— Exercise brief —
For the material below, the expected output is exactly the lines between the line holding "1、打開(kāi)美顏相機(jī)APP" and the line holding "周五,澳元兑美元交易价格约为", inclusive, with pictures left out.

— Records supplied —
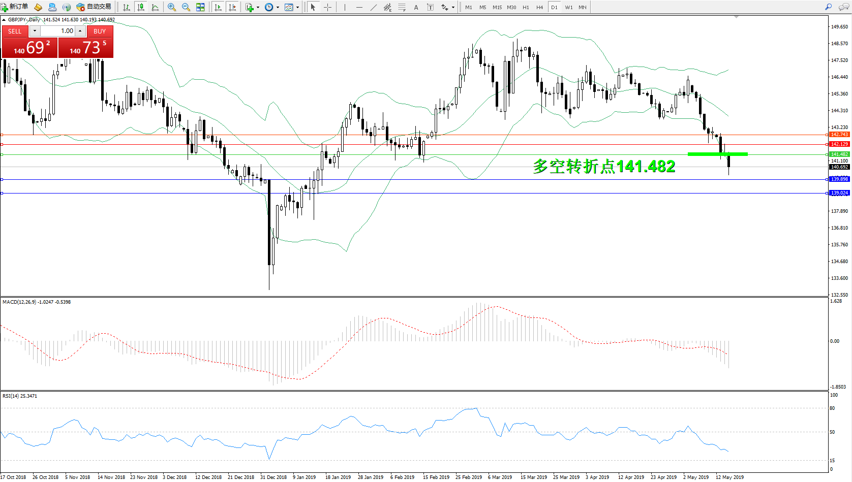 交易策略:141.482下方看跌,目标139.898、139.024
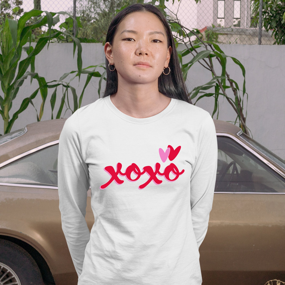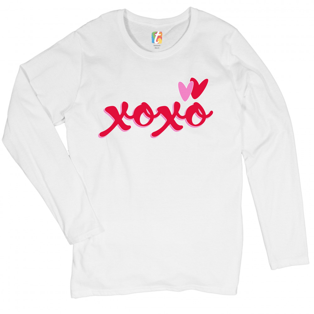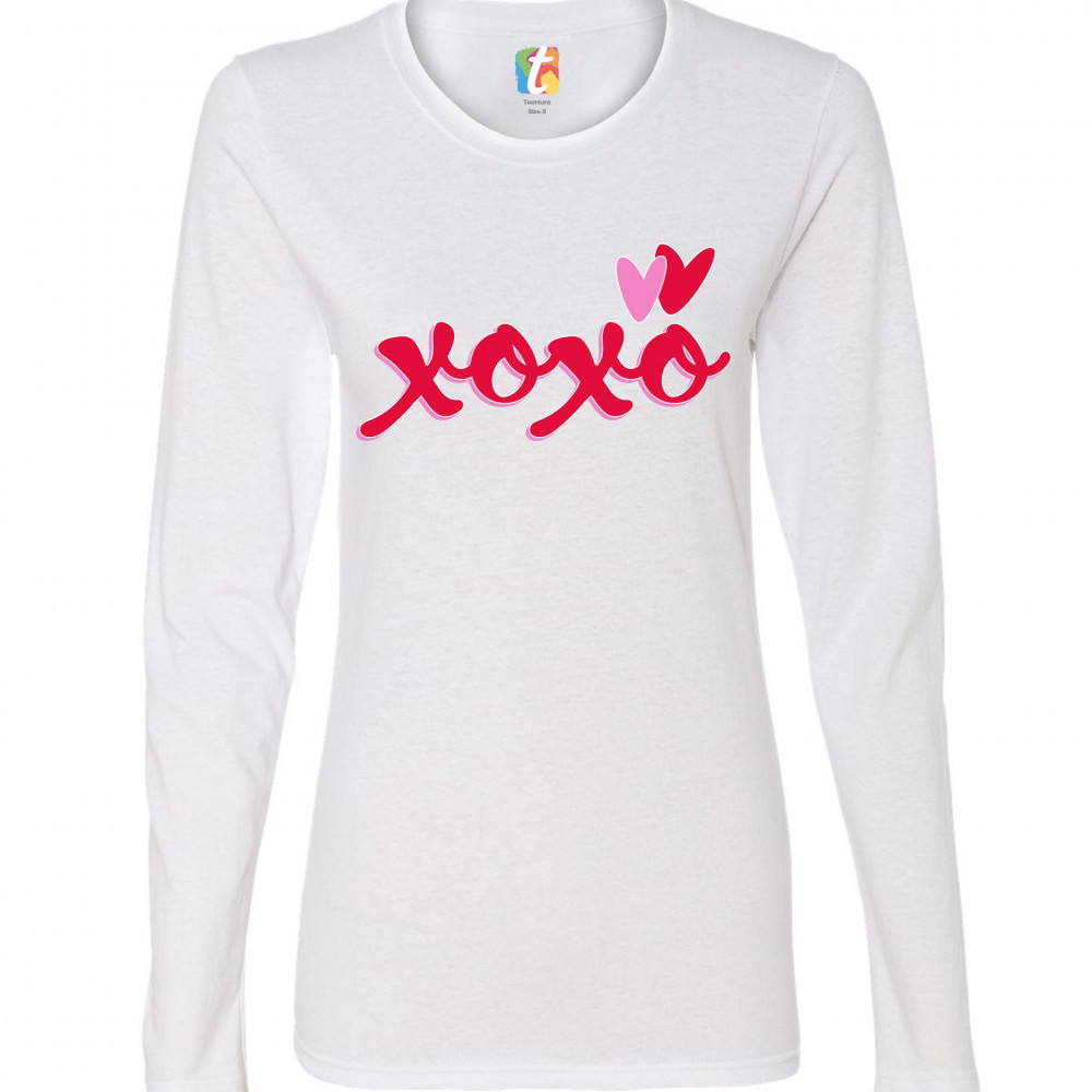 XOXO women's long sleeve t-shirt romance valentine's day hearts passion love white
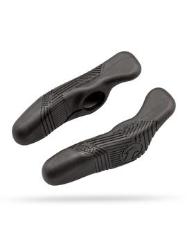 Ріжки Bontrager RL Ergo Ергономічні ріжки на кермо. Призначені для зниження втоми рук велосипедиста та підвищення керованості. Конструкція з алюмінію з замком вкритого двокомпонентною гумою. Текстурована поверхня для надійного хвату та комфорту. Характеристики: • Матеріал: Алюміній 6061 - T6 / гума; • Довжина: 90 мм; • Колір: Чорний; • Вага: 140 грамів.
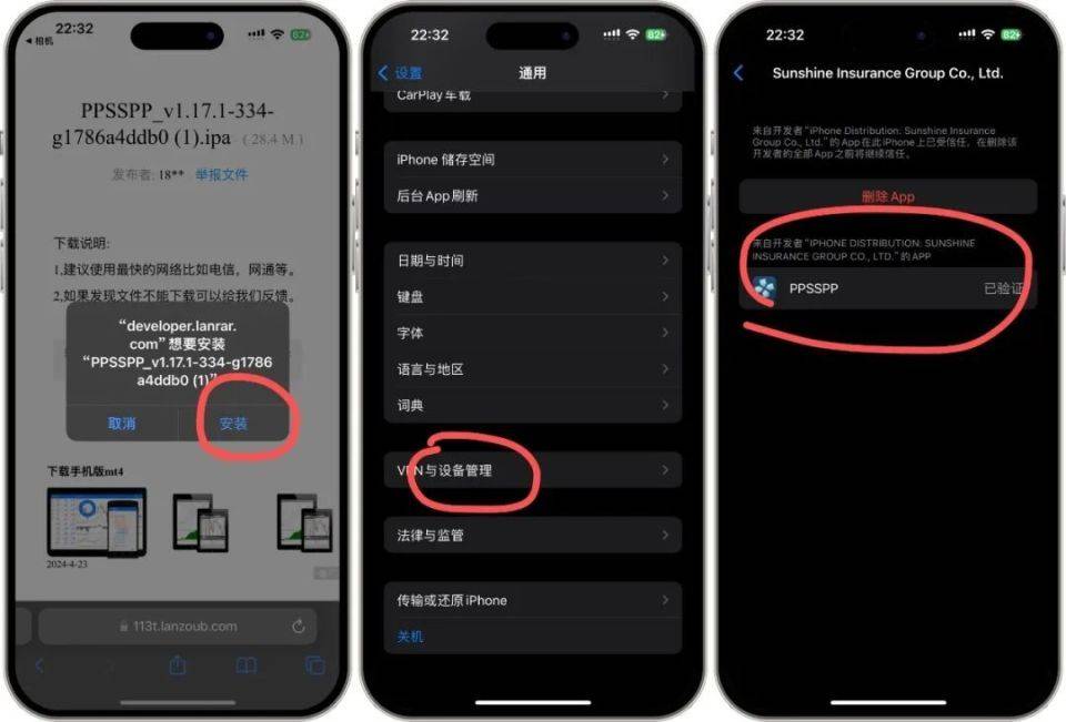 回复PSP后,点击我给你的在线安装链接,在线安装PPSSPP模拟器。当桌面出现APP图标时,点击系统设置-设备管理,信任该证书。
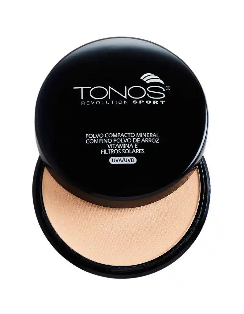 Polvo tonos sport compacto con fino polvo de arroz, contiene filtro solar y vitamina e
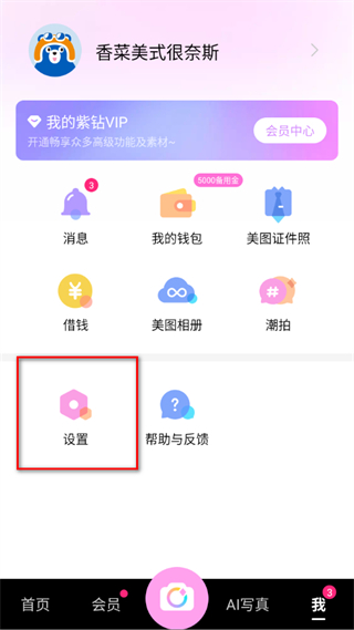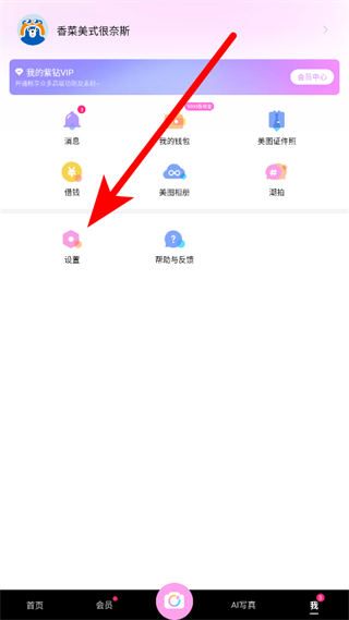 1、打開(kāi)美顏相機(jī)APP,進(jìn)入個(gè)人頁(yè)面后點(diǎn)擊設(shè)置,進(jìn)入設(shè)置頁(yè)面。
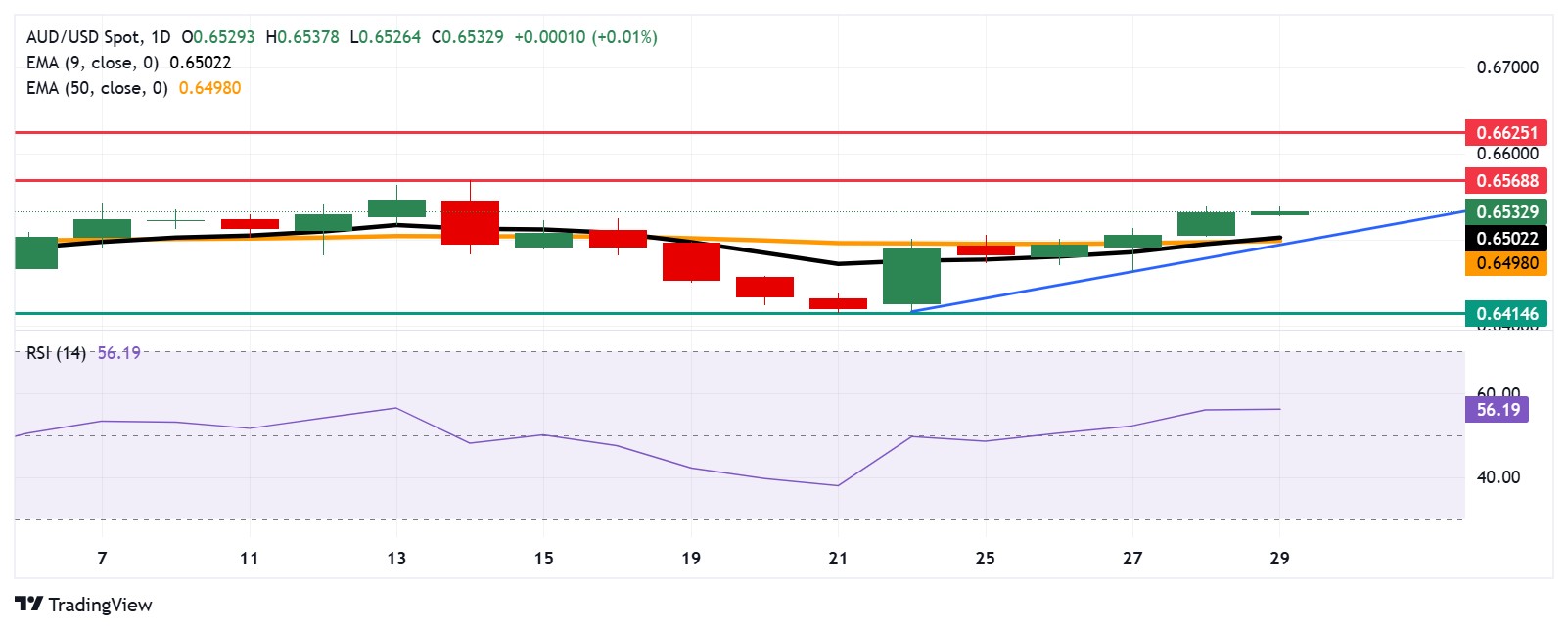 周五,澳元兑美元交易价格约为0.6540。日线图的技术分析表明,该货币对略高于上升趋势线,显示出主导的看涨趋势。此外,该货币对上方有九日指数移动平均线(EMA),表明短期价格动量强劲。
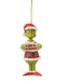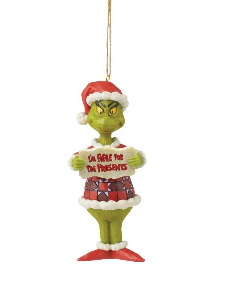 This charming Jim Shore ornament brings a message. Delivered by everyone's favorite Christmas curmudgeon, The Grinch wears a Santa hat and plots from your tree's branches. Holding a sign, he declares that he's only here for the presents!
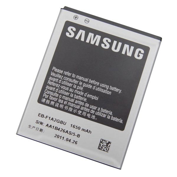 • Original Samsung I9100 Galaxy S 2, I9105 Galaxy S 2 Plus, i9103 Galaxy R, I9103 Galaxy Z, Galaxy Z, Galaxy Camera GC100 Akku EB-F1A2GBU - 1650 mAh - Li-Ion.

— Reply to the task —
 1、打開(kāi)美顏相機(jī)APP,進(jìn)入個(gè)人頁(yè)面后點(diǎn)擊設(shè)置,進(jìn)入設(shè)置頁(yè)面。
 周五,澳元兑美元交易价格约为0.6540。日线图的技术分析表明,该货币对略高于上升趋势线,显示出主导的看涨趋势。此外,该货币对上方有九日指数移动平均线(EMA),表明短期价格动量强劲。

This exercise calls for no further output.